Anderston Footbridge[edit]

The Anderston Pedestrian Footbridge, looking east, shown following its completion in 2013, with the Anderston Centre tower blocks, Glasgow Marriott and the Argyle Building in the background

The Anderston Footbridge, 600 m (660 yd) south of the Charing Cross Podium, was originally planned as the main pedestrian connection between the new housing estates on the western side of the motorway to the Anderston Cross Commercial Centre but the size of the latter development was scaled back in size – meaning that the bridge terminated in mid-air above the vacant land, which was eventually built upon in 1981 when a Holiday Inn hotel (nowadays the Glasgow Marriott) was constructed on the site.

Architect's model from the 1960s of the uncompleted section of the Anderston Centre and the M8 Motorway showing the intended course of the bridge. The red circle shows where the bridge construction was abandoned. The present day Marriott and Hilton hotels now stand on this site.

As a highly visible structure, it assumed the title of 'Bridge to Nowhere' from the Charing Cross Podium after that was built on and lost its bridge-like appearance.

A proposal by charity Sustrans, under their national Connect2 programme, aimed to finish the construction, as well as connecting the bridge with a second one over the Clydeside Expressway. This should increase pedestrian and cycle access to central Glasgow on a route between Kelvingrove Park and the city centre.
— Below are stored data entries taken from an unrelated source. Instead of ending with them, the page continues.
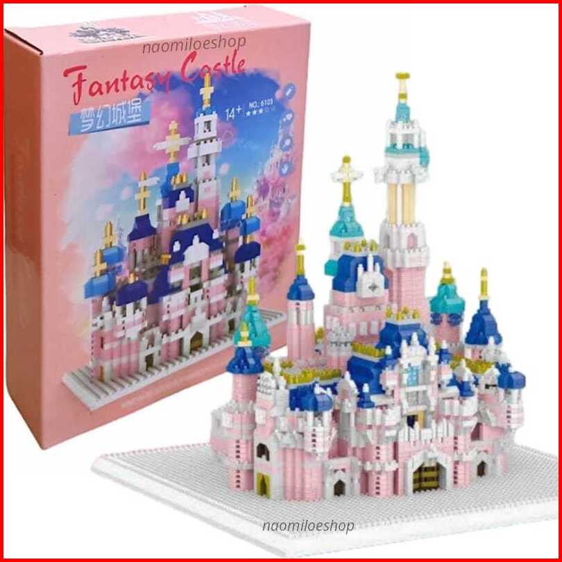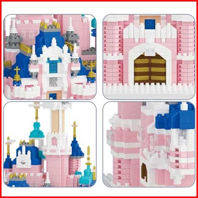 Fantasy Castle Nano Block Istana Mini Blok Pink Castle Miniatur Partikel Istana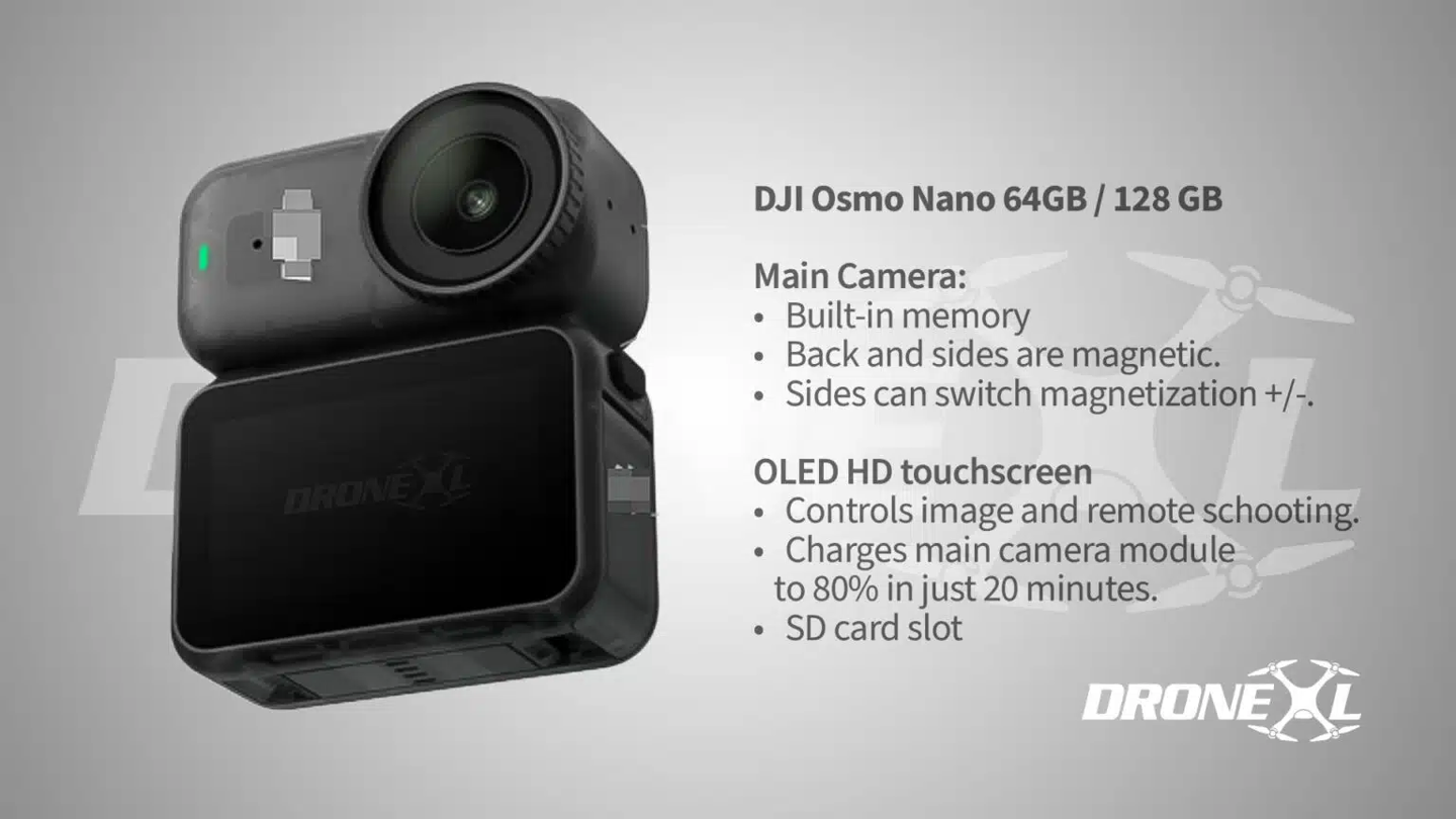 根据此前曝光的信息,这款新品预计为 Osmo Nano 运动相机,延续模块化磁吸设计,可磁性连接屏幕等配件,机身呈药丸状,定位为已停产 DJI Action 2 的继任者。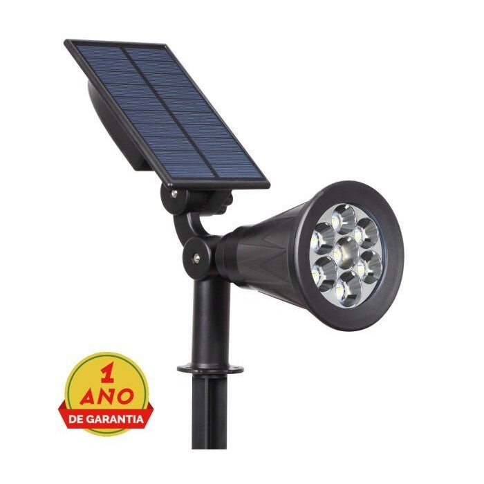 Funciona totalmente com a energia do sol e ainda dispensa a instalação de fios. Basta fixar no gramado com a estaca que acompanha o produto, ou parafusar no local desejado usando o suporte (incluso)

Sustrans won the funding in September 2011 – work to finally complete the bridge began in 2012 and was completed by July 2013.[3][1]

The third bridge[edit]

Glasgow gained a third "Bridge to Nowhere" in 2008 on a street a few hundred metres to the east of the Anderston Footbridge. The former Albany Hotel was demolished leaving the pedestrian bridge, connecting it to the adjacent Anderston Centre, terminating in mid air over Bishop Lane at the end of Waterloo Street. The hotel was controversially razed[4] in preparation for a new complex called Bothwell Plaza. The hotel development received planning permission in 2009[5] but remained unbuilt until 2016, when it was reimagined as an office complex called Bothwell Exchange. The remains of bridge were removed in 2017 when construction on this scheme started.


  1. ^ a b "Glasgow's 'Bridge to Nowhere' finally completed". BBC News. 7 July 2013.
  2. ^ Williamson; Riches; Higgs (1990). Glasgow. Yale University Press. p. 214. ISBN 9780300096743.
  3. ^ Stewart-Robertson, Tristan (1 September 2011). "Exclusive: M8 'Bridge To Nowhere' To Be Finished". The Glaswegian. Archived from the original on 30 March 2012. Retrieved 22 February 2017.
  4. ^ "The end for 'The Albany' as 150 face axe at city hotel". Evening Times. 17 January 2007. Retrieved 22 February 2017.
  5. ^ "Bothwell Plaza rises again". Urban Realm. 10 February 2009. Retrieved 22 February 2017.